Data to examine:
■ ■ ■
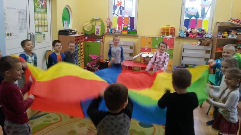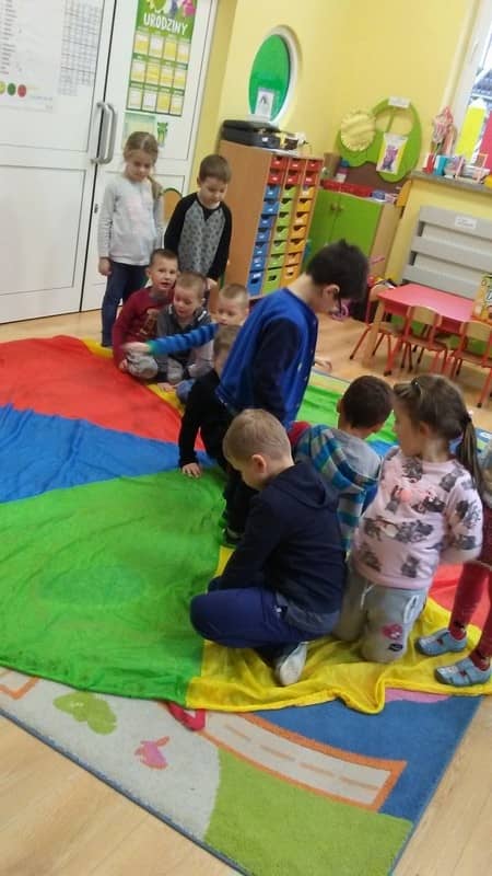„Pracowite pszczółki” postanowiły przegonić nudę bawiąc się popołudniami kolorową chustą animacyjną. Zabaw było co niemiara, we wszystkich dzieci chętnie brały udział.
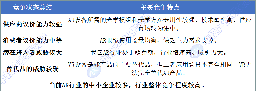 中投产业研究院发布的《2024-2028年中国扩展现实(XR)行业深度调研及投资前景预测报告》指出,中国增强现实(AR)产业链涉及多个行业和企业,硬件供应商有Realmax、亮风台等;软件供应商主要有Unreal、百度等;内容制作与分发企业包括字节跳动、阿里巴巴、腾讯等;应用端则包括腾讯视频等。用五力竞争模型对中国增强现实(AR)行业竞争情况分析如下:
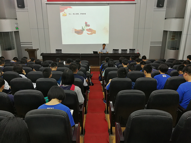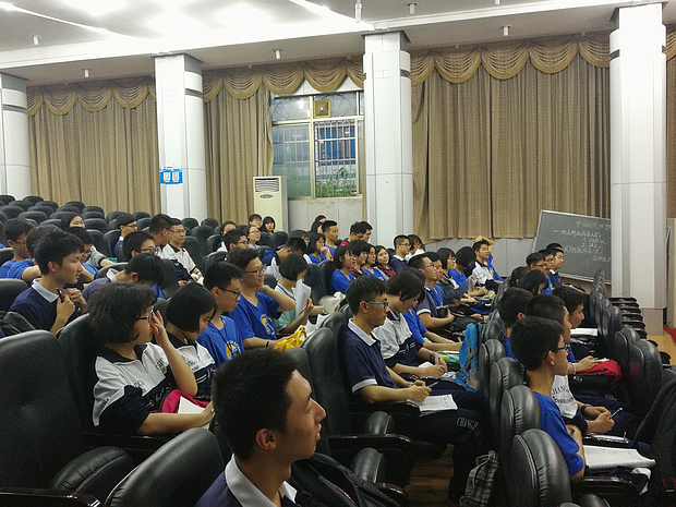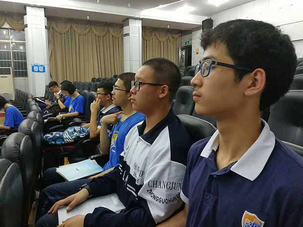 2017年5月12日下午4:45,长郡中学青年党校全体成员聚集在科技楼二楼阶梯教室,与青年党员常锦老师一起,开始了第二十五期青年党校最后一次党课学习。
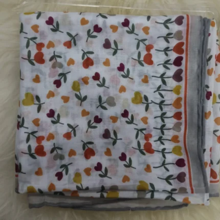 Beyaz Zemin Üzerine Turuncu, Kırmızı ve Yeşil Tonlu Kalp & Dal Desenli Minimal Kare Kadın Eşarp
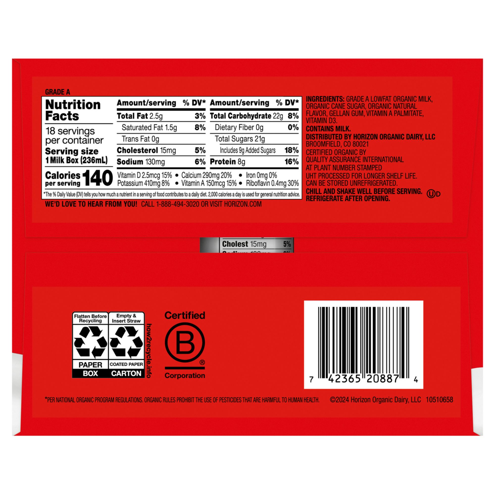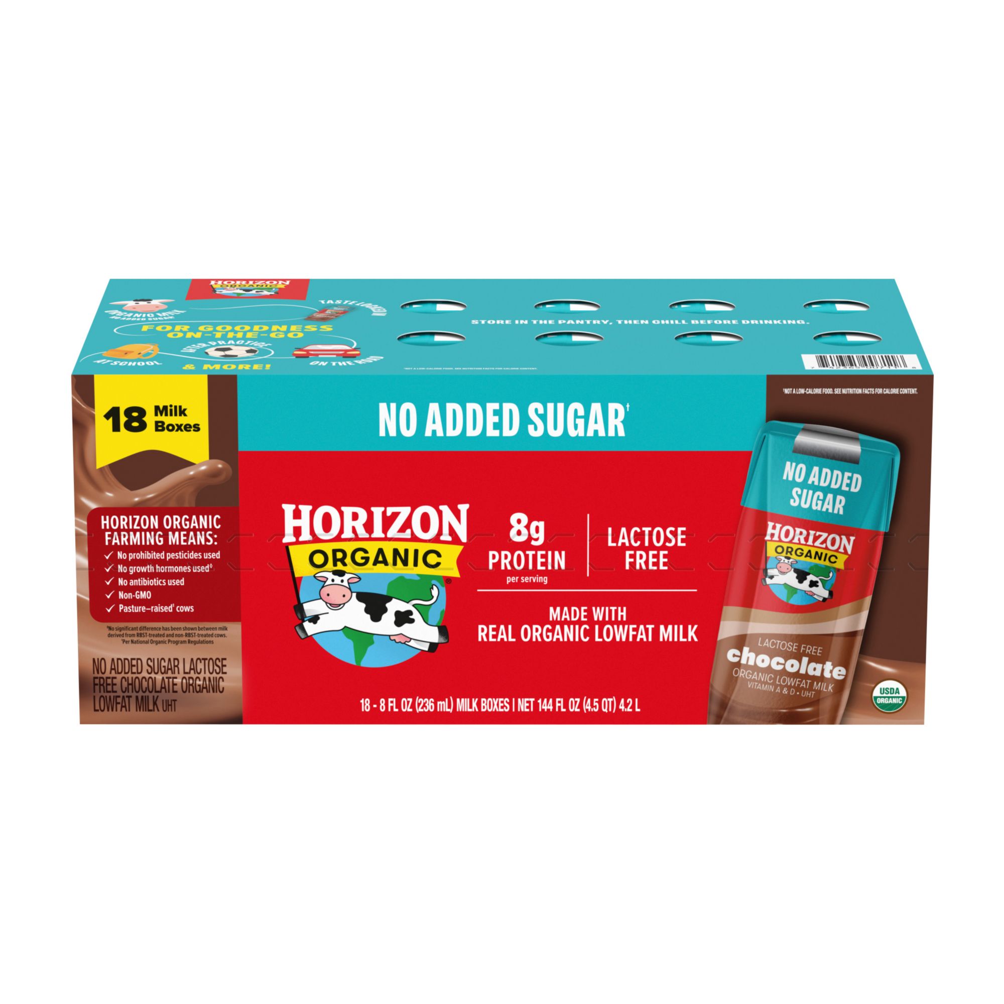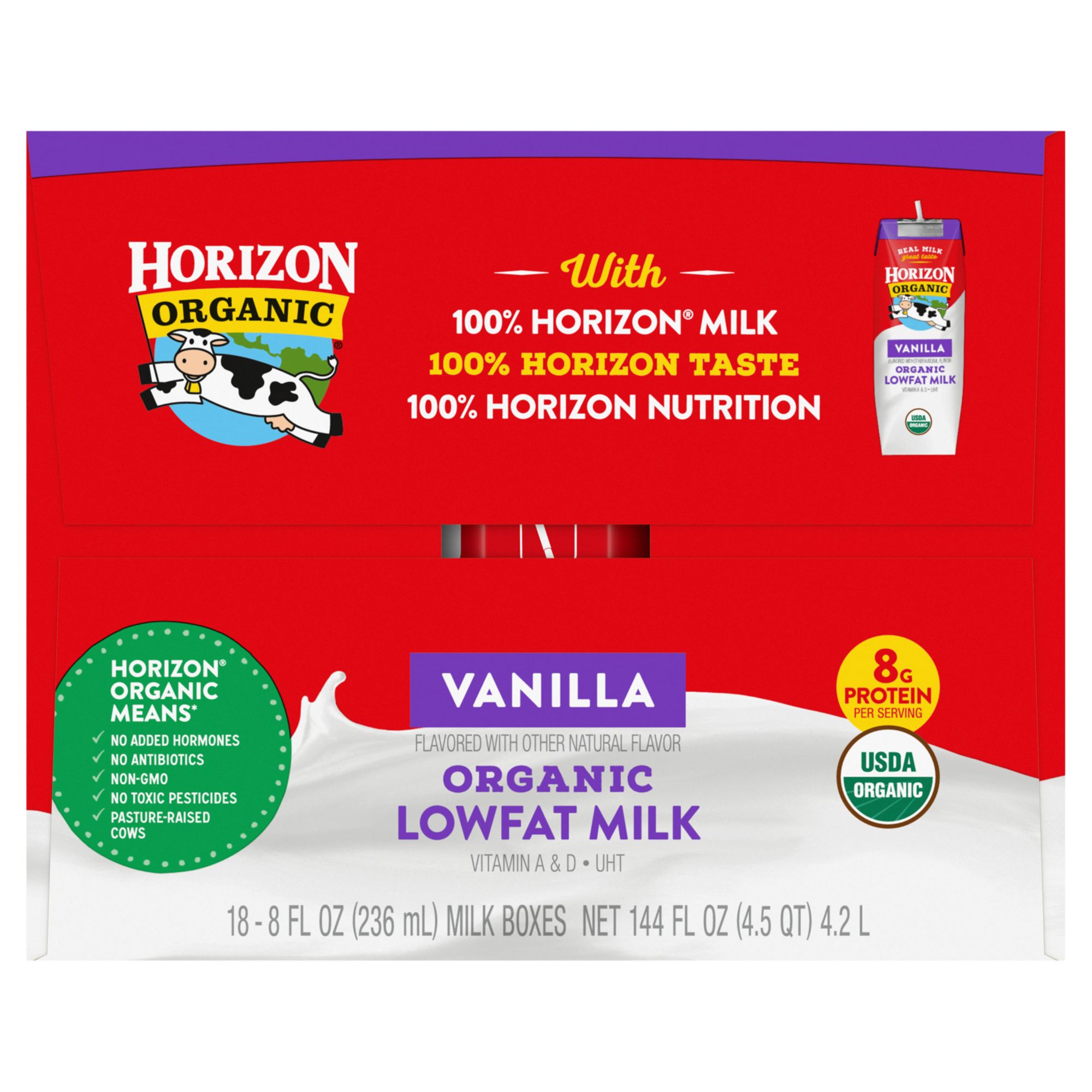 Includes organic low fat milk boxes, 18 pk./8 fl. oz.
■ ■ ■
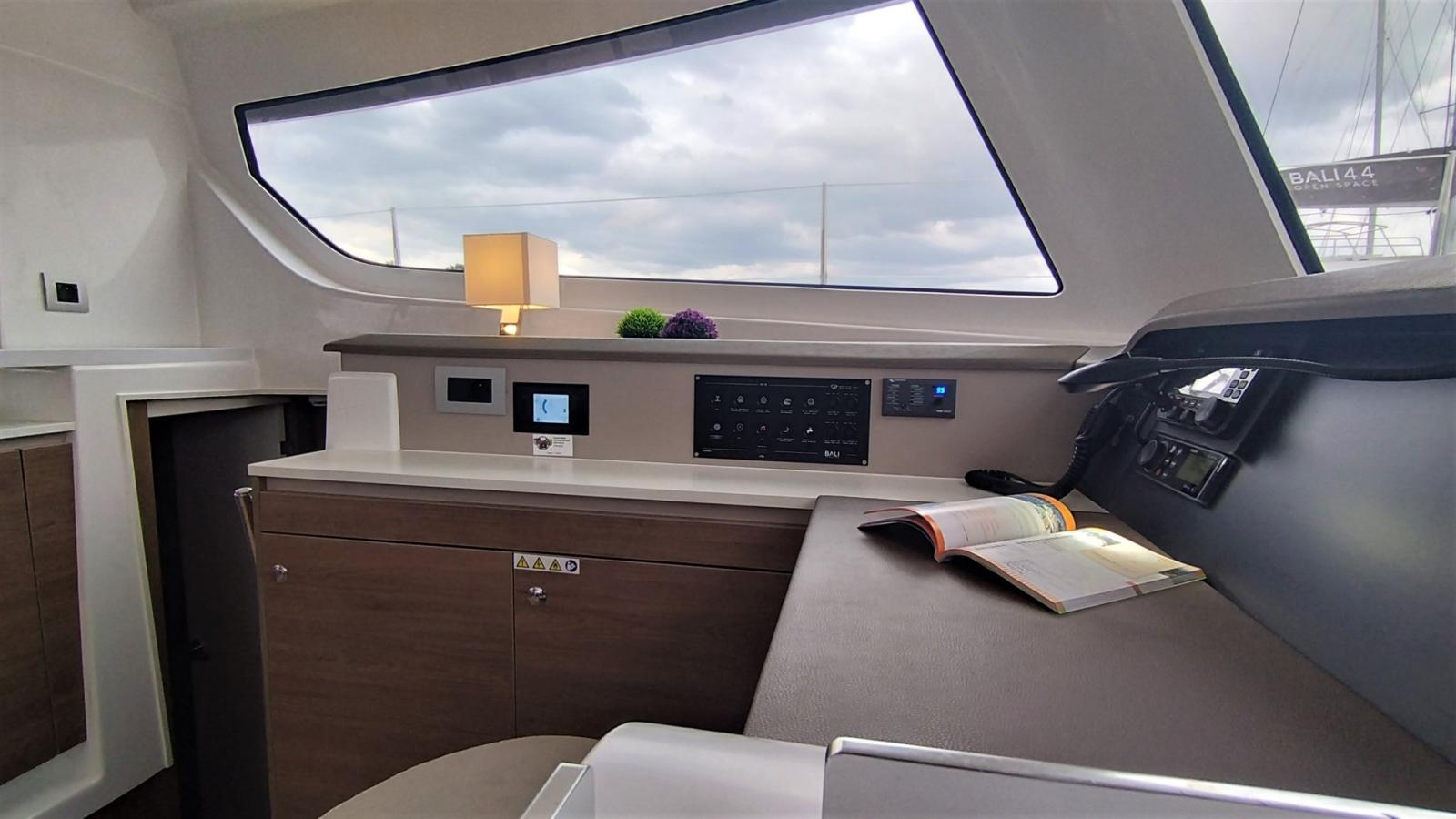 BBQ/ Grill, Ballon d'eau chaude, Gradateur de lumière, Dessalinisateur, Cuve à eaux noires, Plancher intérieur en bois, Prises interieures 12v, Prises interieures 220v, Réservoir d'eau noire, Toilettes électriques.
■ ■ ■
Action item:
From the records above, quote word for word only the lines beginning at the line that has "Beyaz Zemin Üzerine" and stopping after the line that has "Includes organic low". Omit the pictures.

Solution:
 Beyaz Zemin Üzerine Turuncu, Kırmızı ve Yeşil Tonlu Kalp & Dal Desenli Minimal Kare Kadın Eşarp
 Includes organic low fat milk boxes, 18 pk./8 fl. oz.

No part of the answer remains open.